House debates

Thursday, 20 October 2016

Bills

Plebiscite (Same-Sex Marriage) Bill 2016; Second Reading

11:19 am

Photo of John AlexanderJohn Alexander (Bennelong, Liberal Party) Share this | Hansard source

I am very happy to speak on this bill, the Plebiscite (Same-Sex Marriage) Bill 2016, today. This issue is one of the more pressing on our social conscience. It has been prominent in the political world for months and will be until resolved.

In my role as a local representative, last year I conducted a survey of my local electorate on a number of issues. Every home and business in the electorate received a paper copy of the form, and it was also available online. The purpose was to get a complete snapshot of the views of local residents. We received a response from 10 per cent of all homes.

Perhaps unsurprisingly, of the 50 questions, the one on same-sex marriage raised the most comments. Of these thousands of responses on the question on marriage equality, those for and against came out at 50 to 50—to be precise, 49.53 to 50.47. This is a clear statement of where we are now. No doubt 20 or 30 years ago the result would have been very different.

What is also clear is that, on this issue, the poles are far apart. A large proportion of the supporters of marriage equality view its opponents as troglodytes who are stuck in the 19th century, have no sense of fairness and cannot apply the concepts of equality and nondiscrimination to the right to marry, while the opponents of same-sex marriage see its supporters as leftie troublemakers with no sense of decency, out to destroy millennia of the family unit.

As our former prime minister Tony Abbott has said, there are good and decent people on both sides of the debate, and neither should be thought less of when the decision is finally made. Regardless of the outcome of this debate, throughout our society it is essential that both sides recognise the strength and validity of their opponents' principles. Respect is crucial. This is a moral issue that goes to the belief systems that people have cherished for their entire lives. Such views are held for a particular reason—be it personal, religious or cultural—and are very hard to change. Whatever one's individual view, we must recognise the strength of the views of the other side. Seeking to demean the opposition is wrong. I understand that strongly held views, devout perspectives, live deeply within our psyche where emotions live. It is important that emotions do not cloud this debate. That said, I would like to focus my attention on one particular argument that has been around religious opposition to same-sex marriage. In my electorate I have had a lot of representations from people with religious backgrounds, who hold deep concerns about how same-sex marriage will affect their church. This is a vital issue. The separation of church and state is essential. This is a two-way street. Our politics is based on this notion, as are our current marriage laws. Churches currently have the right to place stipulations on those they choose to marry, and these are adhered to without calls of discrimination. In the event of marriage equality being successful in Australia, this distinction should remain. No church or institution should be forced to perform same-sex marriages, and any debate regarding individual religions' attitude to gay marriage should be confined to a discussion within that religion. This chamber is no place for a debate on the social decisions of individual religious groups.
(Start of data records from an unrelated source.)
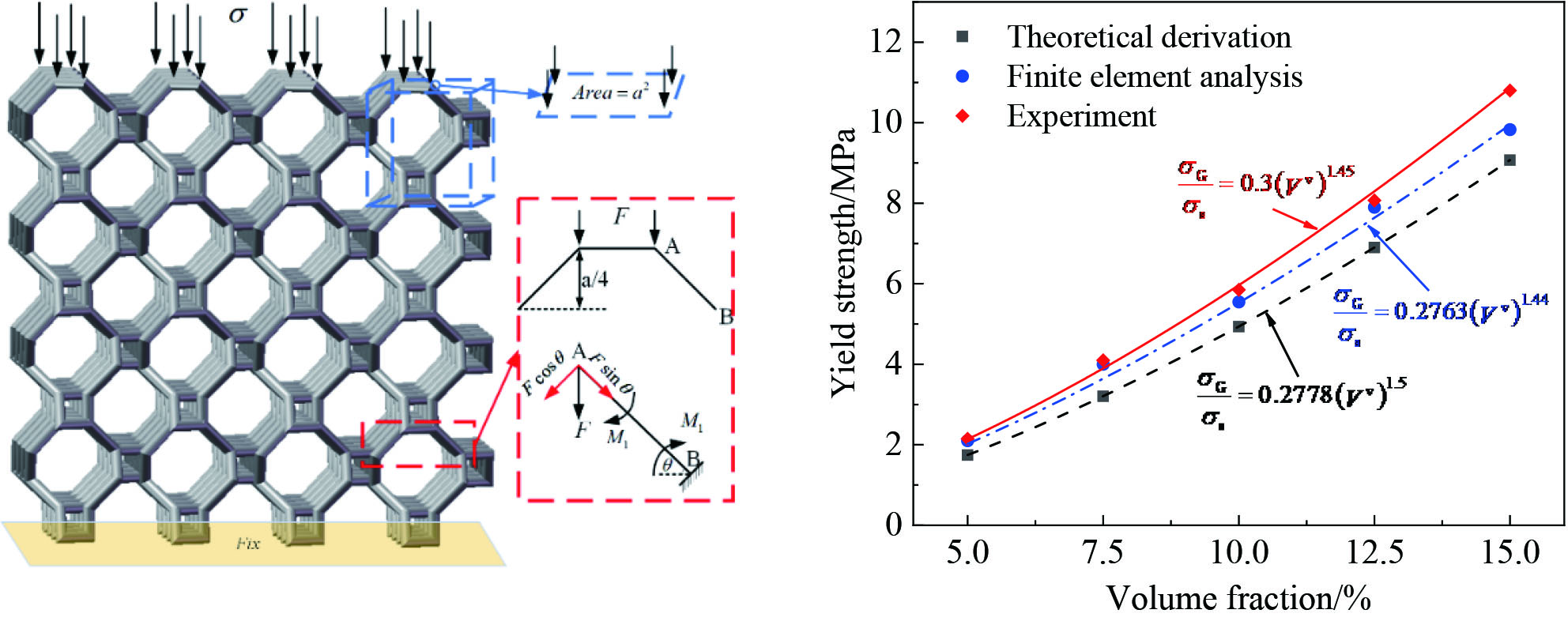 • 摘要: 点阵结构与密实结构存在的力学性能差异之一表现在塑性屈服响应上,因此,研究其屈服行为可为点阵结构的设计和应用提供重要的理论依据。首先,对Gyroid点阵结构进行简化,并基于变形体功能原理建立其力学模型,得到Gyroid点阵结构塑性屈服强度与体积分数之间的映射关系;然后,基于有限元分析软件Abaqus对Gyroid点阵结构准静态压缩过程开展仿真实验,初步验证理论模型的准确性;最后,通过选择性激光熔化(SLM)制备不同体积分数316L不锈钢Gyroid点阵结构,进行单轴压缩实验,分析其变形机制与力学性能。结果表明:理论推导、有限元仿真结果与实验结果相比,误差在25%以内,且根据3种方法结果拟合得到的Gibson-Ashby模型系数具有较好的一致性,表明本文基于理论推导建立的Gyroid点阵结构塑性屈服强度预测模型的有效性。理论模型的构建方法可以转化到其他复杂类型点阵结构中,为快速核算点阵结构力学性能,并将其应用在工程装备中提供理论依据。
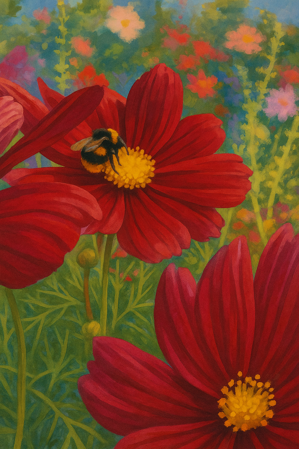 Он мягко погружается в золотую сердцевину, собирая солнечную пыльцу, чтобы унести её дальше — в поля, в луга, в новый день.
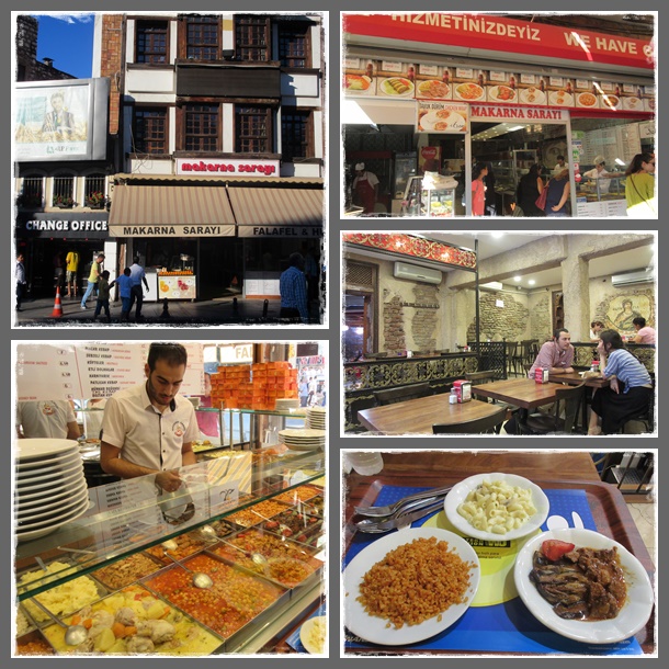 Tempat2 makan seperti ini ternyata banyak ditemui di Istanbul. Mirip makan di warteg yaitu makanan semua sudah tersedia dan kita tinggal pilih2 sendiri makanannya. Macam menunya beragam. Ga usah tau namanya, kita tinggal tunjuk yang penampakannya menarik, hehe.. Kami memilih nasi kuskus (kayak nasi goreng merah dan agak pedas), pasta lalu terong + daging (kami tidak tau namanya).
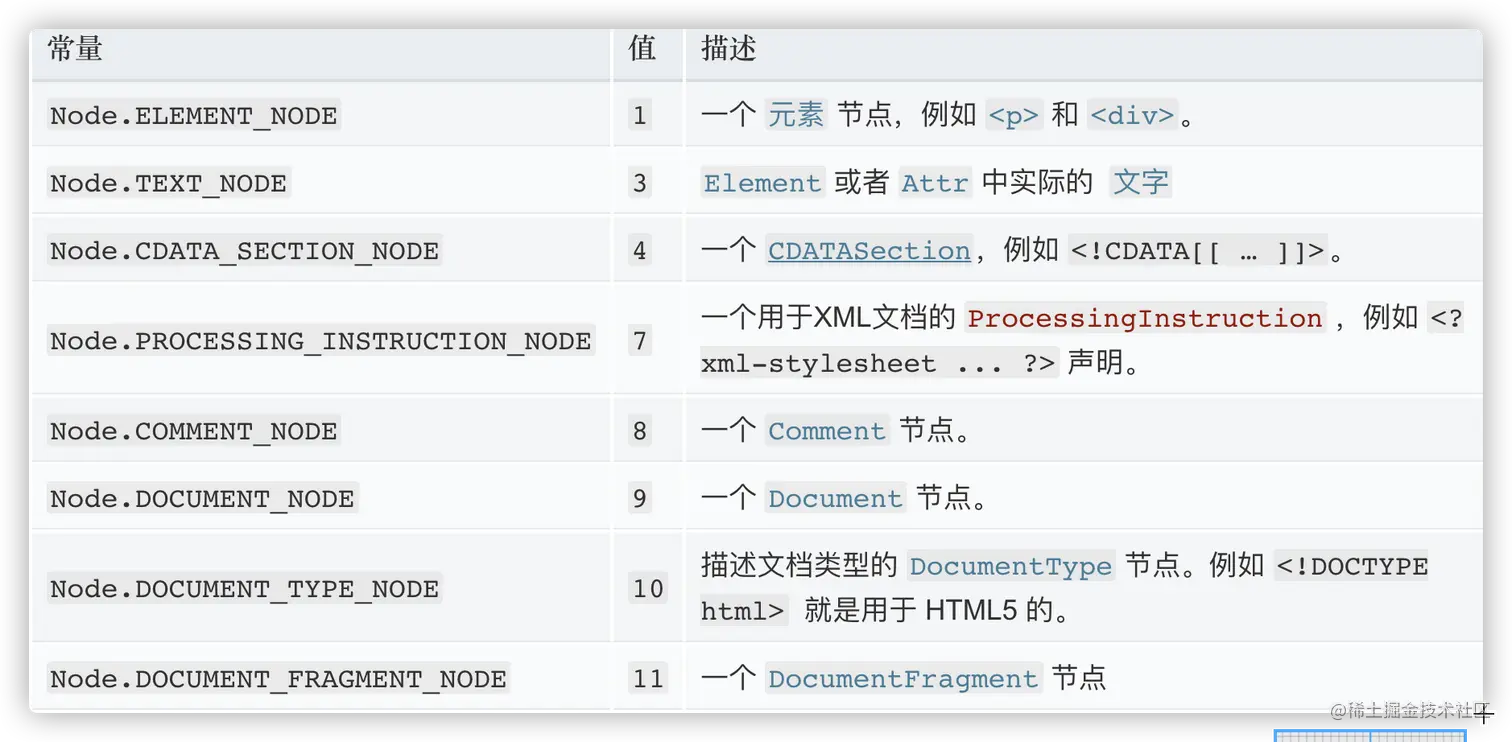 元素实际上就是节点里面的子节点,节点包括元素、文本、注释等,通过node.nodeType能获得节点类型,返回的数字是通过以下图来分辨类型的

This model was adopted in the UK, where they passed a similar law in 2013. Some churches jumped at the opportunity of growing their flock and immediately opened their doors to same-sex unions—for example, the Anglican Church, after a period of deep consideration, then decided to conduct same-sex services. Meanwhile, the Catholic Church decided to stay with their doctrine.
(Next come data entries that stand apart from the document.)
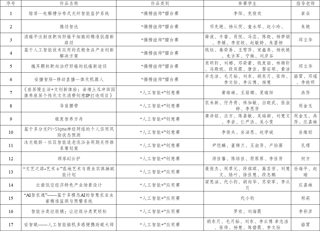 为全面落实科教兴国战略、人才强国战略、创新驱动发展战略,充分激发德赢官网青年学子创新潜能与创造活力,推动理论知识与实践应用深度融合。德赢VWIN官方网站于2025年6月-7月积极动员青年学子报名参加2025年“挑战杯”全国大学生课外学术科技作品竞赛“人工智能+”专项赛和“揭榜挂帅”擂台赛,经过遴选最终确定推报6个项目参加“揭榜挂帅”擂台赛,推报11个项目参加“人工智能+”专项赛,现将参赛作品情况予以公示。
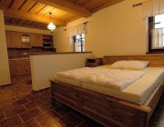 Ve vkusně zařízeném obývacím pokoji naleznete, TV-SAT, DVD přehrávač, připojení na internet a dvojlůžkovou postel.
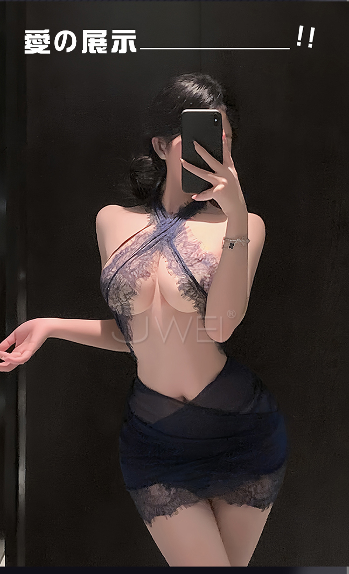 ►您現在的位置:首頁>藍夜撩夢.性感交叉美胸露背透紗蕾絲包臀睡裙【睡裙+T褲】
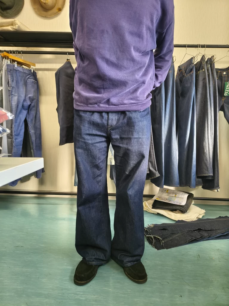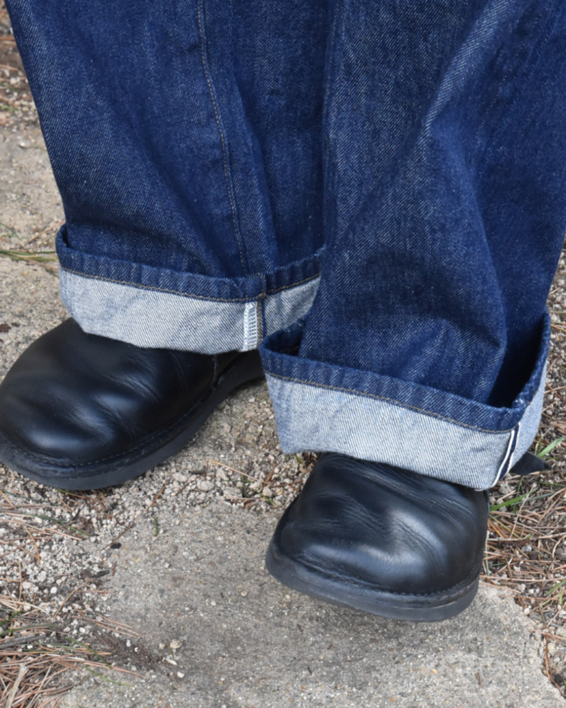 もちろんセルビッジ。生地はカイハラとオーセン協業で生まれた12.5ozの防縮スキュー加工無しです。だんだんよじれるのが楽しみです。
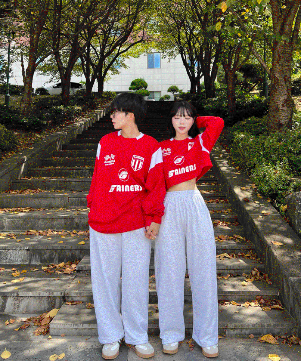 [기모ver추가🔥] 커플 바시티 맨투맨 크롭 오버핏 남녀공용 커플룩 시밀러룩 여행 데이트 힙 Y2K 트레이닝 팬츠

The opposite of this acceptance and celebration, unfortunately, was on display in my electorate recently. Election literature was handed out at Eastwood polling booth which carried a host of insults and doomsday predictions should certain parties who support gay marriage be voted in. It described homosexuality as a 'death curse' and suggested the election of some political parties would lead to rape in women's toilets. It recommended voting for the Christian Democratic Party, although the Christian Democratic Party have denied any knowledge of the leaflets and they carried no authorisation. Regardless of your stance on the issues at hand, these opinions are simply not welcome—not in Bennelong and not anywhere in Australia. I was very proud to run a positive campaign and had good relations with every one of my fellow candidates. As a result, the election was largely friendly, good natured and good to be a part of. Comments like these leave a bad taste in our mouths and undermine all the good work that has been done.

Part of the government's role is to provide the conditions for a society where everyone is equal and no-one feels discriminated against. These two central tenets of our society must be maintained through this debate and afterwards as well. We must respect each other though we disagree, and people must accept the decision once we have a final decision.

I would like to leave this debate with one thought. Our government has always aspired to be the guardians of equality in this country. However, what has been viewed as equality in one generation has not always been seen in the same light subsequently. Many shameful moments in our history have been accepted at the time with blinkered views of equality, and other shameful moments have come about because previous policies have not been updated to stay in step with the views of the day. Change to these laws is inevitable. This debate 30 years ago would not have been contentious. In comparison, the changing of the law in 2004 raised a discussion, but not one as all pervasive as the one we find ourselves in now. It is only a matter of time for equality and the elimination of discrimination that will welcome all people to the right to marry.